> Material shown
§ §

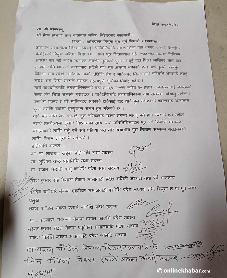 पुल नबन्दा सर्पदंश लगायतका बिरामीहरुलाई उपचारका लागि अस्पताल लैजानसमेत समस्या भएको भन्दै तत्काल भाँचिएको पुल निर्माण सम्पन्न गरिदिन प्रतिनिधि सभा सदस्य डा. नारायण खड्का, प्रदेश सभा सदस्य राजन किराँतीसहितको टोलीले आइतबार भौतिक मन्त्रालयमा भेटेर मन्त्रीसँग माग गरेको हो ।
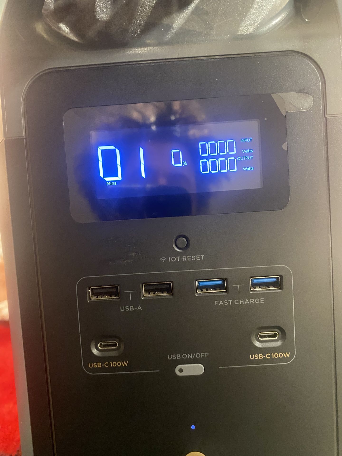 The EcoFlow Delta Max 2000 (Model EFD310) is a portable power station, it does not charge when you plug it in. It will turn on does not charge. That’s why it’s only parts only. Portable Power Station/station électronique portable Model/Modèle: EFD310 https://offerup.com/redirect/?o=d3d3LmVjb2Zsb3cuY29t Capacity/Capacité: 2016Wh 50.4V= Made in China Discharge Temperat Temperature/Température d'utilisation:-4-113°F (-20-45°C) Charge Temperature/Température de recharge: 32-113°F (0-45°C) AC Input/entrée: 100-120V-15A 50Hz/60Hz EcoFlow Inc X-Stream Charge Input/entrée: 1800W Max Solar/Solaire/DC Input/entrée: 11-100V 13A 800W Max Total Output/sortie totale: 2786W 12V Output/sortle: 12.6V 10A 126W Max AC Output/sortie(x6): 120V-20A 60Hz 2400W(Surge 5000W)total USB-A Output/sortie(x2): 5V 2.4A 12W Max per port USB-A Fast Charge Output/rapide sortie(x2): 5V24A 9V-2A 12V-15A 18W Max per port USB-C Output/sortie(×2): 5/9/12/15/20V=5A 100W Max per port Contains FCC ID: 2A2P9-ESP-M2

§ §

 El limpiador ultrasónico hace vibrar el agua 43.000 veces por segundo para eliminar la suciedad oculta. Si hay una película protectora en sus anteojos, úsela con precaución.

§ §

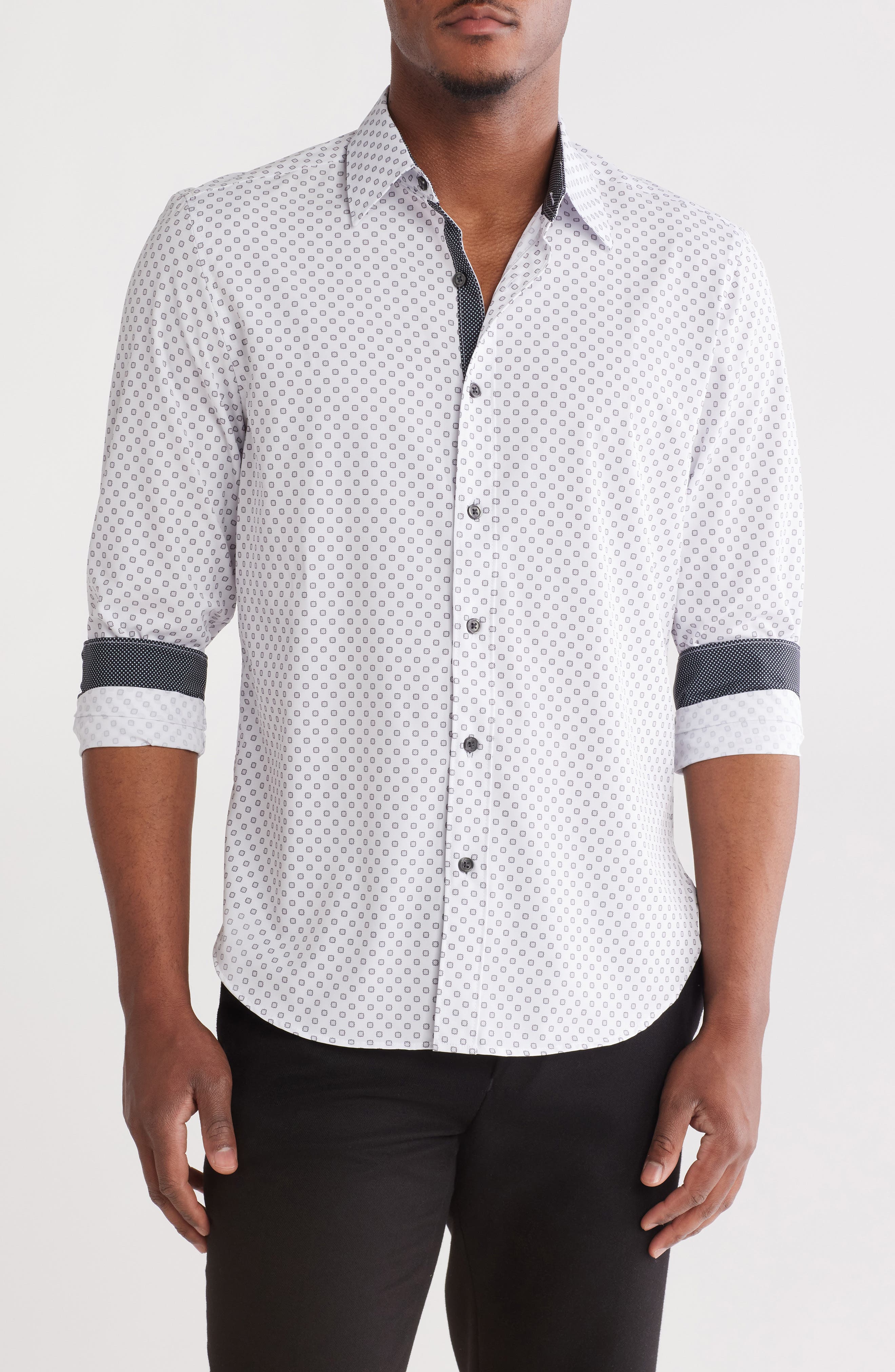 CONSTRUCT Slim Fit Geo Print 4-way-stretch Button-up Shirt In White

§ §

> Task goal
From the line with "पुल नबन्दा सर्पदंश" up to and including the line with "The EcoFlow Delta" above, retype every line exactly and nothing more; leave out the pictures.

> Worked solution
 पुल नबन्दा सर्पदंश लगायतका बिरामीहरुलाई उपचारका लागि अस्पताल लैजानसमेत समस्या भएको भन्दै तत्काल भाँचिएको पुल निर्माण सम्पन्न गरिदिन प्रतिनिधि सभा सदस्य डा. नारायण खड्का, प्रदेश सभा सदस्य राजन किराँतीसहितको टोलीले आइतबार भौतिक मन्त्रालयमा भेटेर मन्त्रीसँग माग गरेको हो ।
 The EcoFlow Delta Max 2000 (Model EFD310) is a portable power station, it does not charge when you plug it in. It will turn on does not charge. That’s why it’s only parts only. Portable Power Station/station électronique portable Model/Modèle: EFD310 https://offerup.com/redirect/?o=d3d3LmVjb2Zsb3cuY29t Capacity/Capacité: 2016Wh 50.4V= Made in China Discharge Temperat Temperature/Température d'utilisation:-4-113°F (-20-45°C) Charge Temperature/Température de recharge: 32-113°F (0-45°C) AC Input/entrée: 100-120V-15A 50Hz/60Hz EcoFlow Inc X-Stream Charge Input/entrée: 1800W Max Solar/Solaire/DC Input/entrée: 11-100V 13A 800W Max Total Output/sortie totale: 2786W 12V Output/sortle: 12.6V 10A 126W Max AC Output/sortie(x6): 120V-20A 60Hz 2400W(Surge 5000W)total USB-A Output/sortie(x2): 5V 2.4A 12W Max per port USB-A Fast Charge Output/rapide sortie(x2): 5V24A 9V-2A 12V-15A 18W Max per port USB-C Output/sortie(×2): 5/9/12/15/20V=5A 100W Max per port Contains FCC ID: 2A2P9-ESP-M2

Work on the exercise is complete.